The beauty of stack allocation is that to implement garbage disposal all that has to happen is that when each method terminates it simply clears the stack of its stack frame, i.e. it adjusts the stack pointer to point to the end of its stack frame, so returning the memory to use. Of course, when a method ends, control returns to the method that called it and it finds the stack in just the state it needs to access its own local variables.

In this way each method gets access to its local variables while it is running, without any need to keep track of where they are. The stack is also used to store parameters and return values passed between methods in a fairly obvious way.

The stack in action

The stack works well for storing all manner of data that is created and destroyed following the pattern of method calls, but for global data and for very large or complex data we need something else.

The alternative is the "heap". This is a very descriptive name for an area of memory that is set aside simply for the purpose of storing global data. When a global object is created, by the use of new in C#, an area of the heap is allocated big enough to store it at its initial size and a reference to its location is returned - often to be stored in a local variable on the stack. However, unlike local variables which are created and destroyed along with the method they belong to, there is no clear signal that a global object is finished with. It doesn't necessarily become redundant when the local variable that it was initially created with goes out of scope because there could be many variables referencing it. So to deal with this problem a system-wide garbage collector is provided, which keeps track of what is stored on the heap and how many references there are to each item.
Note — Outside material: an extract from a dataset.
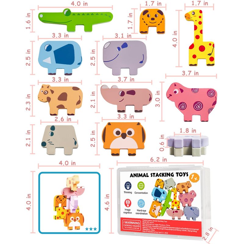 - 【Montessori Toys for Kids】This wooden sorting & stacking toy contains 10 differentshapes of blocks. These blocks have simple lines to outline different animals: giraffe, sheep, puppy, cow, crocodile, hippo, elephant, mouse and rhino. When babies try to match the blocks to the target or make various combinations, they can also get so much pleasure. It includes 10 double-sided challenge cards with three different levels of real challenge.

When an object on the heap has no references to it then it is deallocated and the memory is recovered.

This the general idea of heap management, but in practice there are many subtle problems. For example, as the heap is used and released, it slowly becomes fragmented into small blocks of heap in use separating blocks of free space. The solution is to make the garbage collector consolidate memory every now and again.
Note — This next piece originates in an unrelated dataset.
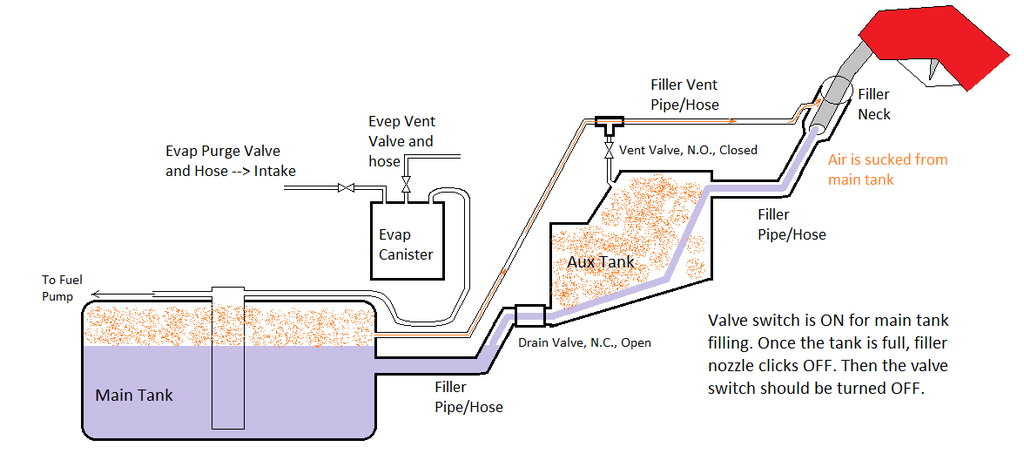 The aux. tank should fill up normally as well as the filler neck will be isolated. It will be as though the tank is in a Chevy Blazer. Hoping to have the filler neck on the rear plastic quarter panel or the rear bumper. As long as pressure is maintained I think you can also tie-in to the evap system with the aux. tank vent line. Still working out the details, but this is a slow going project.

It is generally better to adopt a throwaway approach to heap management. For example, if an object, a string say, needs to increase in size then, rather than try to open up some space to make the current allocation bigger, it is generally better to mark the current allocation as garbage ready for collection and allocate a whole new block of memory, even though this involves copying the existing object. This strange fact, that it is faster to create new storage rather than extend the existing, leads on to other ideas. For example, in most languages, including C#, strings are immutable. That is, once defined you cannot change a string. All you can do is apply operations that make new strings. You can think of immutability as a high-level concept motivated by philosophical considerations or just a good idea given the way storage allocation and deallocation behaves.

Storage on the stack fits in with the idea of local variables and the call and return pattern of methods. Storage on the heap gives rise to objects that are regarded as global, but with local references to them. When all of the references to an object are destroyed the object is no longer of any use and may be garbage collected.

Thinking About References

What you should have in mind is the idea that a value type stores its value and a reference type stores a “pointer” to its value.

Consider:

int a;

This declares and creates an integer variable which, in common with all value types, isn't initialized to a sensible value. However, for the sake of a simple explanation let's assume it is set to zero. C# enforces the rule that you can’t make use of an uninitialized value type but nevertheless the integer variable exists and is ready to store something.
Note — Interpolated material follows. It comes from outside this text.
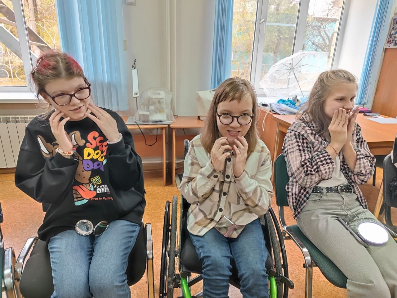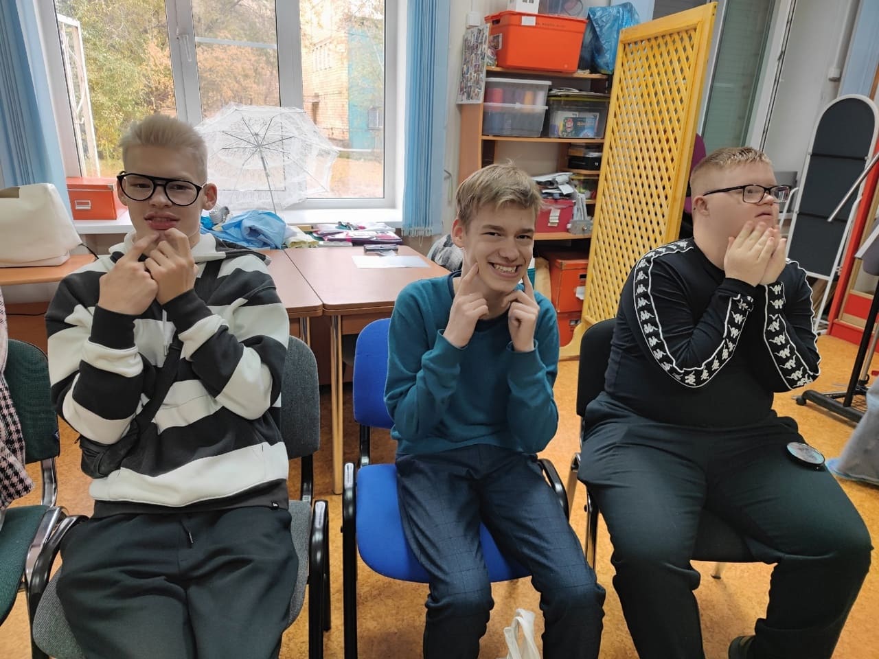 Найдете фото ребят, где выполняли задание педагога нахмурить брови?

In contrast, if you declare a reference type, e.g. a class:

class Point
{
 	public int x,y
}		

you can then create a reference variable of the same type:

Point b;

This declares a reference type b which can reference an object of the type Point, but at the moment no such object exists and the reference is set to its default value null.

This way of thinking has a nice tidy symmetry, even if it is spoiled by C#'s insistence on not letting you access an undefined variable - which is very reasonable.

To create a Point object we need the additional step:

b = new Point();

Now we have a Point object created on the heap and b is set to reference or “point” at it.

Notice that the reference variable b is just like the value variable a in that they are both stored on the stack and both store immediate values - the difference is that a’s value is the data and b’s value is a reference to the data.

Of course we often combine these two steps together to create the familiar idiom:

Point b=new Point();

This often seems to the beginner as redundant because of the way it uses “Point” twice.

The first use of Point declares a reference to a point object, i.e. b, and the “new Point” part actually creates the point object. It doesn’t take long for this to seem so familiar that you don’t give it a second thought.

Another important difference is that an object can correspond to multiple reference variables. For example:

Point b=new Point();
Point c = b;

This creates a single Point object but two reference variables both of which “point” at the same object.